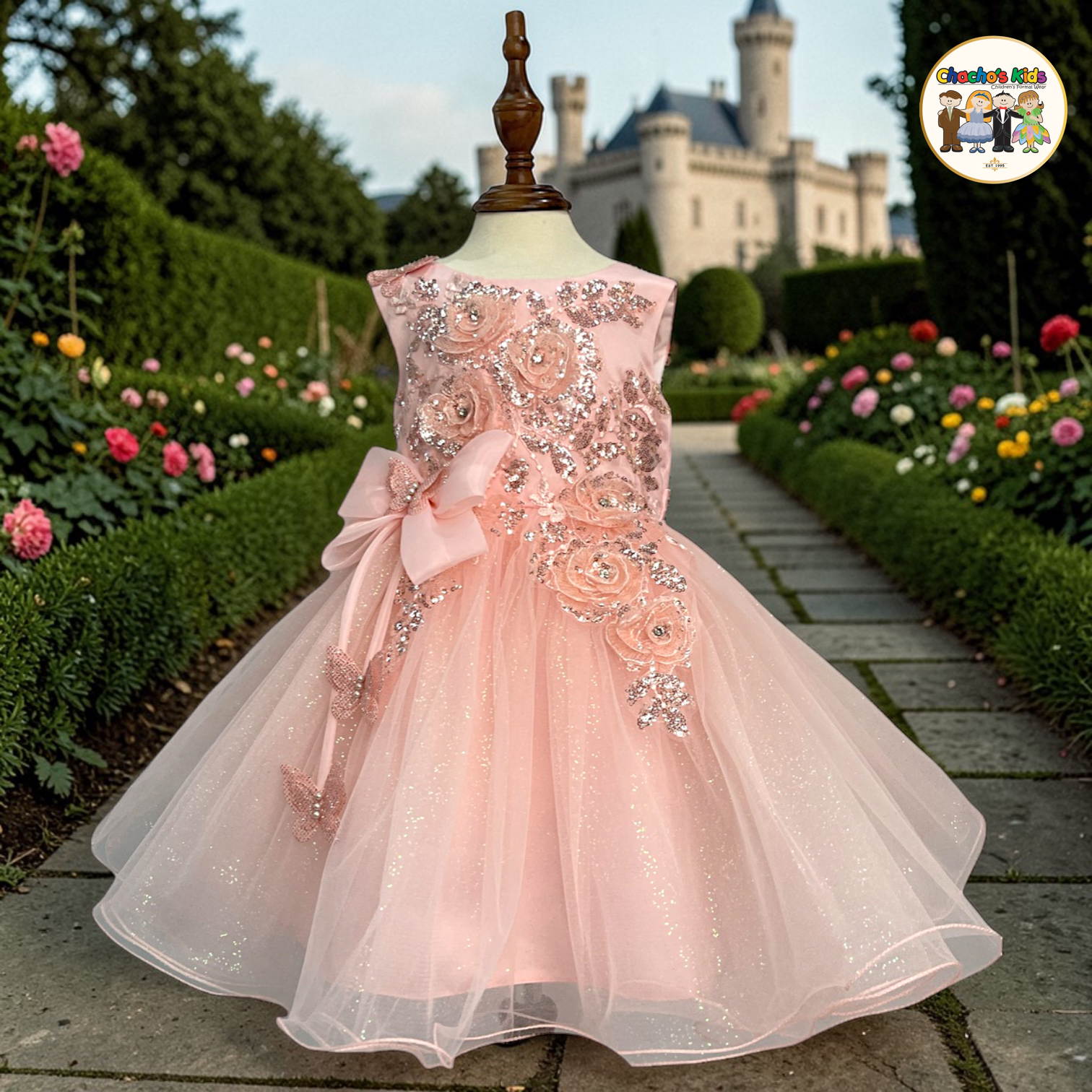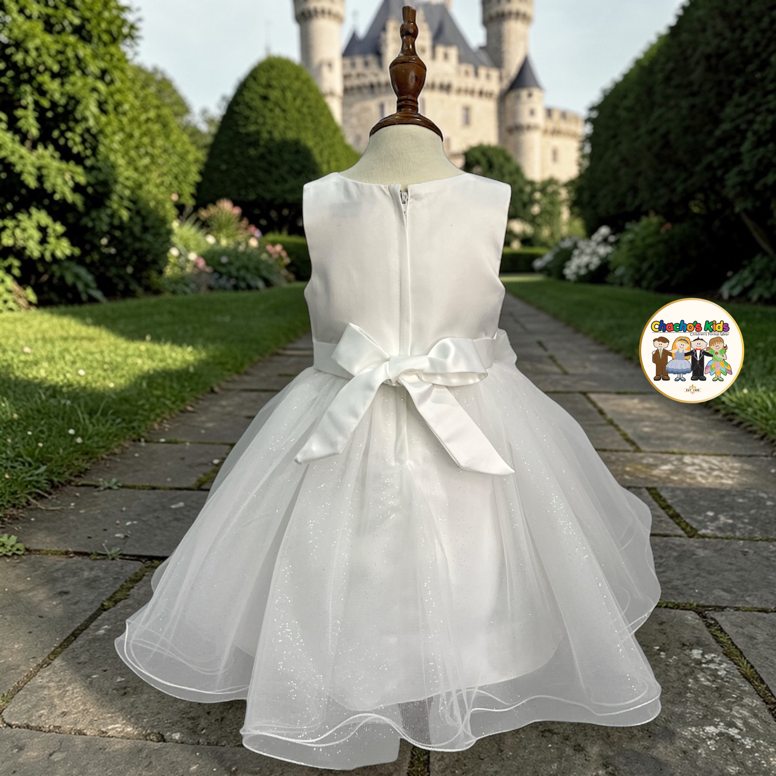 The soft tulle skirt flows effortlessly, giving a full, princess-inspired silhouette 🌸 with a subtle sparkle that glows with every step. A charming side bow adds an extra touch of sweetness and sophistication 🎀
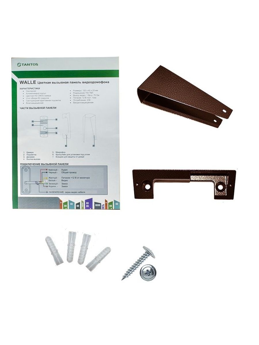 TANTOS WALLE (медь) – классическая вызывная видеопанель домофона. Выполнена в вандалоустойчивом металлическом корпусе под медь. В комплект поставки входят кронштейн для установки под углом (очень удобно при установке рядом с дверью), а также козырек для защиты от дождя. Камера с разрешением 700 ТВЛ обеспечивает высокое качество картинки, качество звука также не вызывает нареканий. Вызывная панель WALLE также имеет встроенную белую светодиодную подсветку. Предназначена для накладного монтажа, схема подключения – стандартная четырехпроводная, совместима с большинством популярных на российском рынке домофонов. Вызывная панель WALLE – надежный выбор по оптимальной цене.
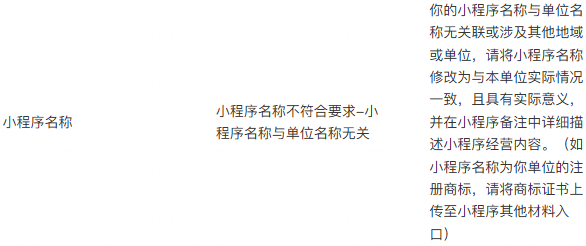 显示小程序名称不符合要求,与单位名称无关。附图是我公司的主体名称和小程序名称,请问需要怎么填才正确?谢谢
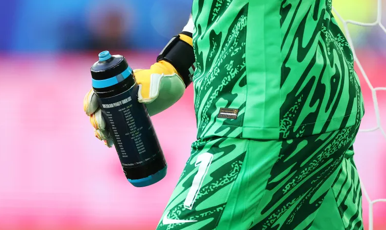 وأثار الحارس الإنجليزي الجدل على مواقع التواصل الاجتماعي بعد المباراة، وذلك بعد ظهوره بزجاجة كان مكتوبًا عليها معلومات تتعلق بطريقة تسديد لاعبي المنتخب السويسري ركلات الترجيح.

AIM OF THE EXERCISE.
Print the lines from the one that contains "显示小程序名称不符合要求,与" through the last line of the data, exactly and in full, and no other lines. Pictures are not part of the copy.

REPLY.
 显示小程序名称不符合要求,与单位名称无关。附图是我公司的主体名称和小程序名称,请问需要怎么填才正确?谢谢
 وأثار الحارس الإنجليزي الجدل على مواقع التواصل الاجتماعي بعد المباراة، وذلك بعد ظهوره بزجاجة كان مكتوبًا عليها معلومات تتعلق بطريقة تسديد لاعبي المنتخب السويسري ركلات الترجيح.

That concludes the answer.